Там она нанесла крем на лицо и тело, с восхищением отметив золотистый оттенок своей кожи, и высушила волосы, позволив им рассыпаться по плечам мягкими волнами. Поскольку она собиралась обедать с Лилианой на кухне, то не было нужды наряжаться. Мэйзи надела легкое льняное платье, не беспокоясь ни о косметике, ни об украшениях.
Спускаясь по лестнице, она увидела, что Лилиана выходит из столовой.
— Лилиана, разве мы с вами не хотели обедать на кухне?
— Боюсь, это моя вина. — Блейн появился в двери гостиной с бокалом вина в руке. Сердце Мэйзи подпрыгнуло, а щеки залил густой румянец. — Я говорил, что мы все будем обедать на кухне, но Лилиана не захотела. Она упряма.
Он перевел взгляд на Лилиану и улыбнулся ей.
— Я не знала, что сегодня вечером вы будете здесь, — постаралась как можно спокойнее сказать Мэйзи.
— Я тоже. — Он улыбнулся, и ее сердце снова качнулось. — Отец чувствует себя хорошо, и я приехал, чтобы успокоить Лилиану. А она настояла, чтобы я остался обедать. Думаю, она считает, что я плохо готовлю себе еду.
— Неужели вы готовите сами?
— Конечно, я же итальянец. — Блейн сел на диван, положил ногу на ногу, вытянул руку по спинке дивана и посмотрел на Мэйзи смеющимися глазами. — А мы, итальянцы, от рождения все как один изумительные повара. Разве вы не знали?
— Вы даже делаете барбекю? — спросила она, улыбаясь в ответ, и только потом понадеялась, что Блейн не подумает, что она намекает на неудачи Роберто.
— Время от времени. Но я предпочитаю думать о барбекю как о пище, съеденной под открытым небом, а не о вашем английском способе превращения мяса в уголь.
— О, простите! — Мэйзи не могла понять, дразнит он ее или нет, но не собиралась позволять ему так говорить. — Я знаю многих англичан, которые маринуют мясо заранее и создают буквально шедевры.
— Это хорошо. — Он серьезно кивнул. — Вы восстанавливаете мое уважение к английской кухне, которое я потерял после знакомства с шедеврами Роберто.

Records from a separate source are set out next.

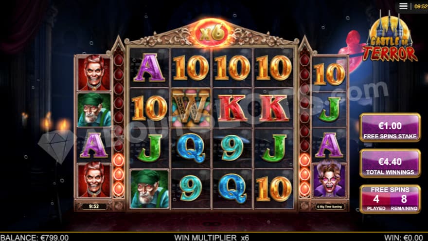 Castle of Terror is a video slot from Big Time Gaming that has 6 reels, 4 rows and 4096 ways to win. One can choose between making a Min.bet of 0.20 and a Max.bet of 15. The game has been created with an RTP that is higher than the average, where it is an RTP of 96.72%. Castle of Terror has a high volatility, where in the base game you can win up to 29690X the bet and in the bonus game you can win up to 61720X the bet.
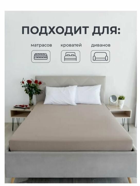 Простыня на резинке Бежевая, 120х200х20, трикотаж, 100% хлопок
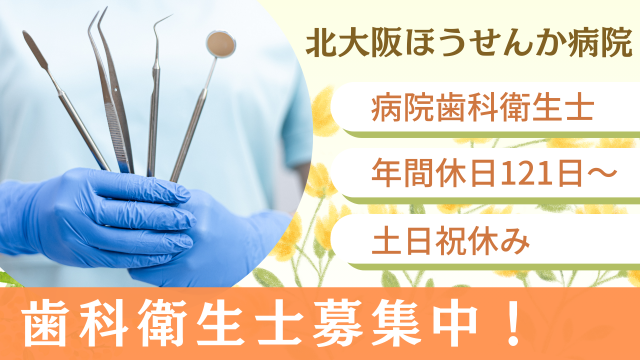 【茨木市】病院歯科衛生士|北大阪ほうせんか病院|年休121日|残業10h/月未満
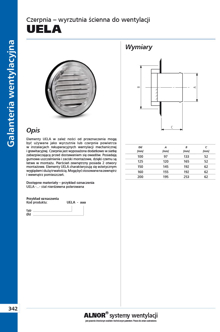 Czerpnia wyrzutnia ścienna UELA fi 200 nierdzewna
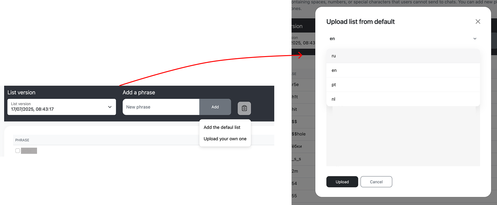 At the same time, when you add words, phrases, and links to the pre-moderation lists available on the admin panel, they are restricted to any language activated on your chats.
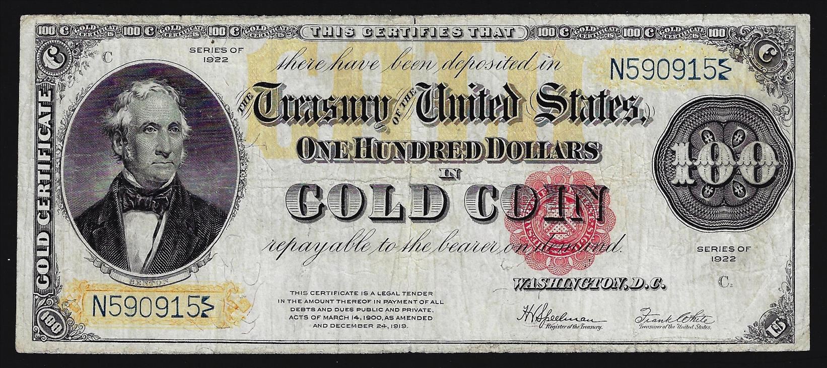 One 1922 $100 Gold Certificate Note Fr. 1215.
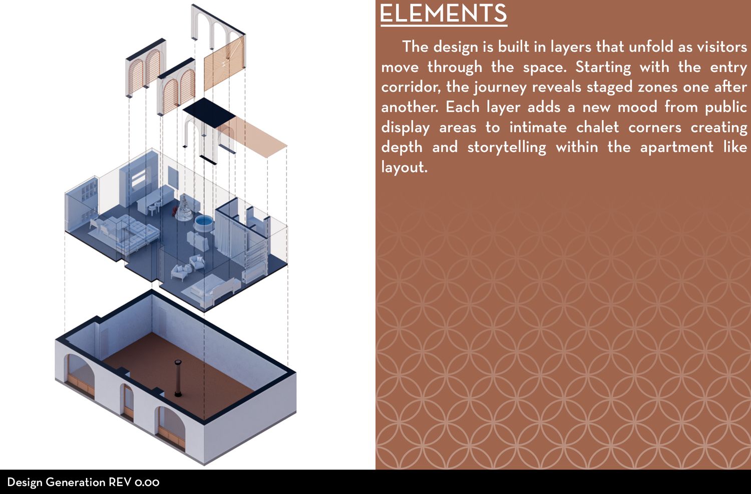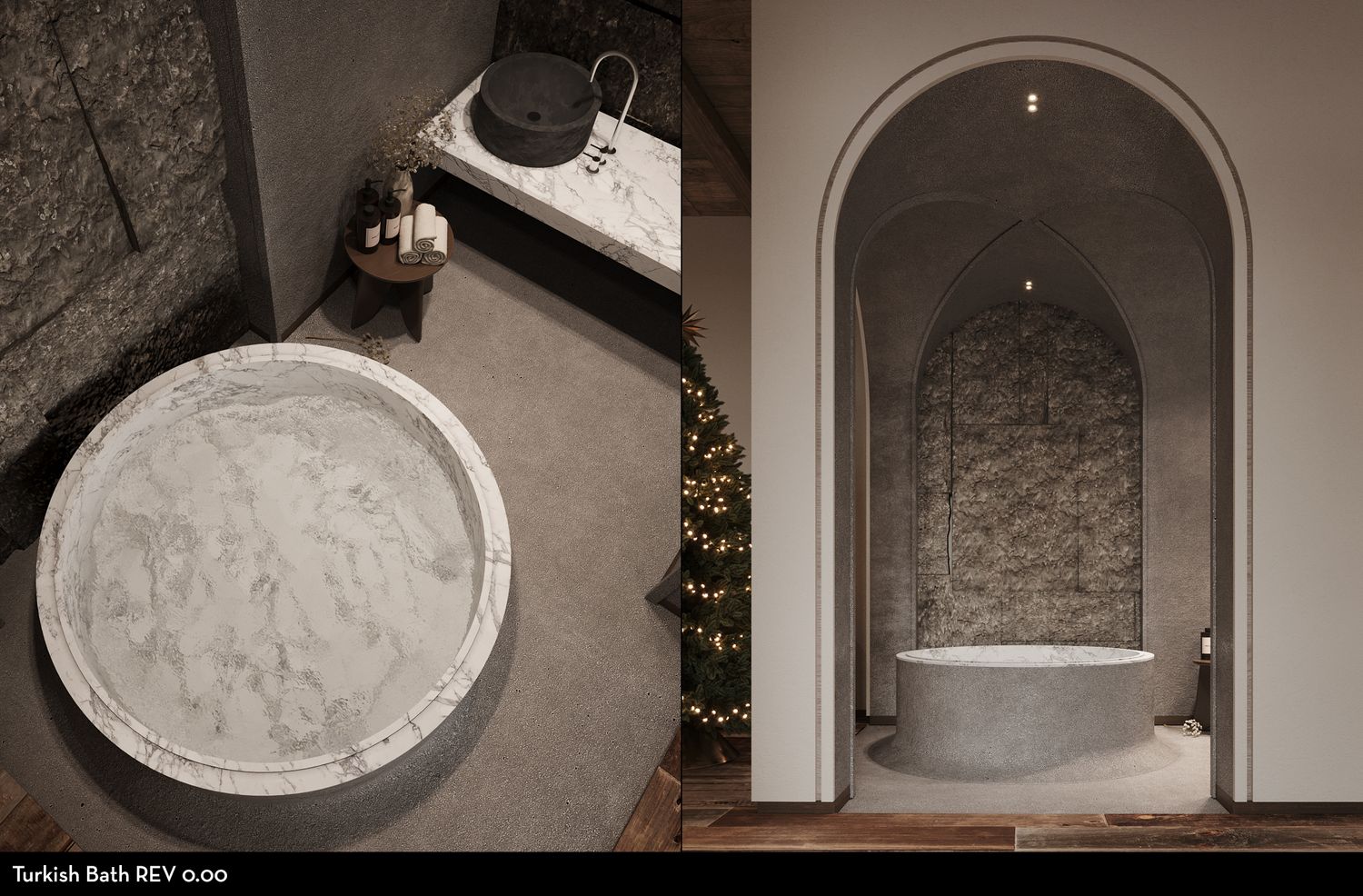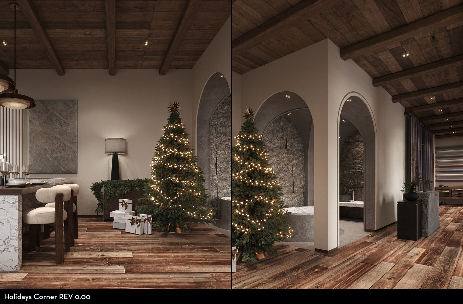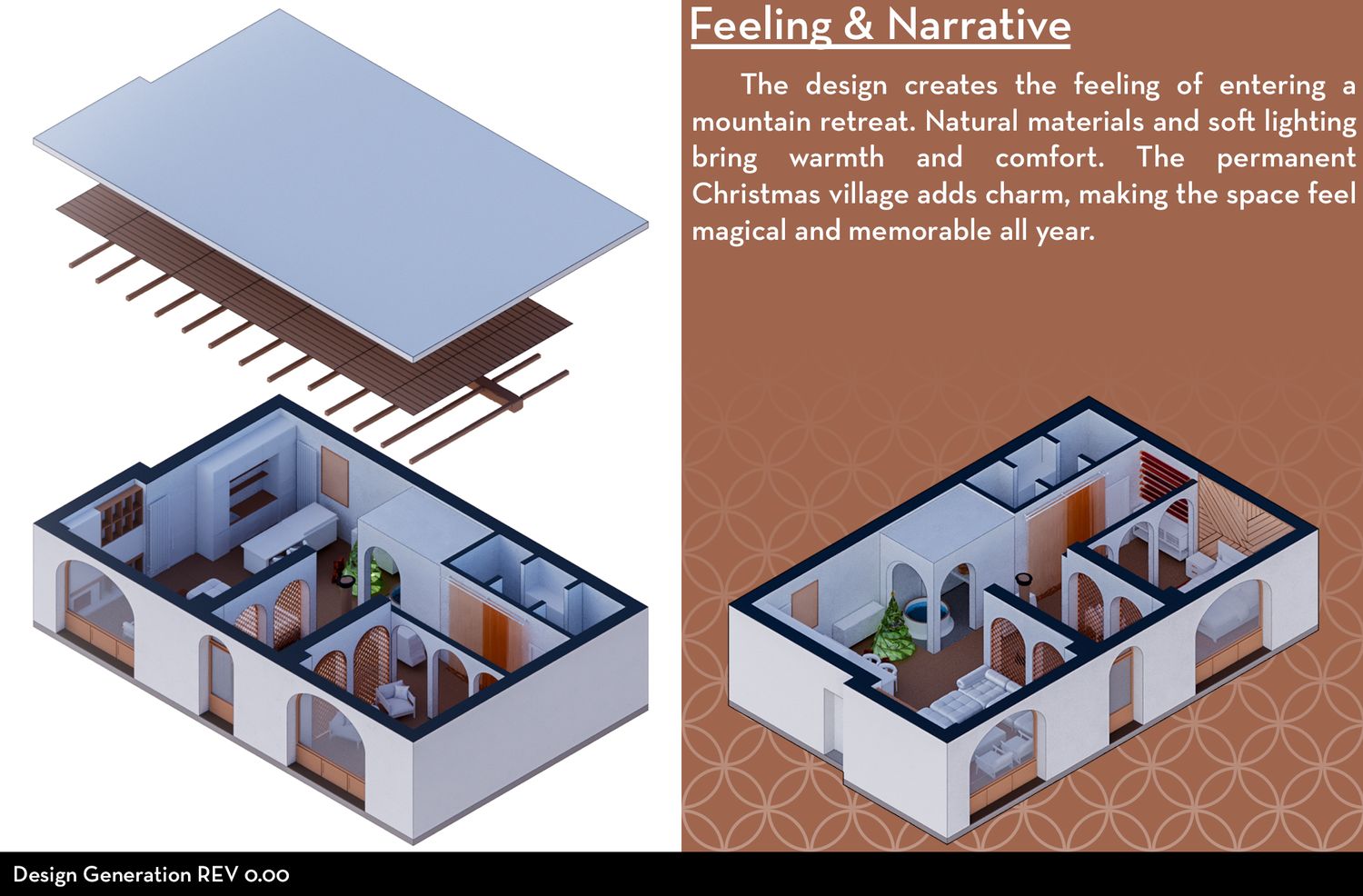 This project reimagines the furniture showroom as a journey through a mountain chalet. From the first step, natural light and crafted details set a welcoming tone, guiding visitors through spaces that feel both authentic and inspiring. Each zone unfolds like a story: a warm living area by the fireplace, a festive kitchen with holiday charm, a striking Turkish bath, rich fabrics, and bold bedroom staging. The path ends in a serene bathroom retreat, echoing the spirit of an alpine cabin. More than a showroom, it is an experience, inviting guests to feel the chalet life, not just see it.

— Но Роберто итальянец, — с торжеством указала Мэйзи. — Значит, вы рассуждаете неправильно, и это мне надо усомниться в умении итальянцев жарить мясо! Нет, я, конечно, не думаю, что отец Джеки плохой повар, вовсе нет, — добавила она торопливо. — Вообще-то он готовит очень неплохо.
— Но только не барбекю.
Лицо Блейна сохраняло серьезное выражение, но глаза были плутовскими.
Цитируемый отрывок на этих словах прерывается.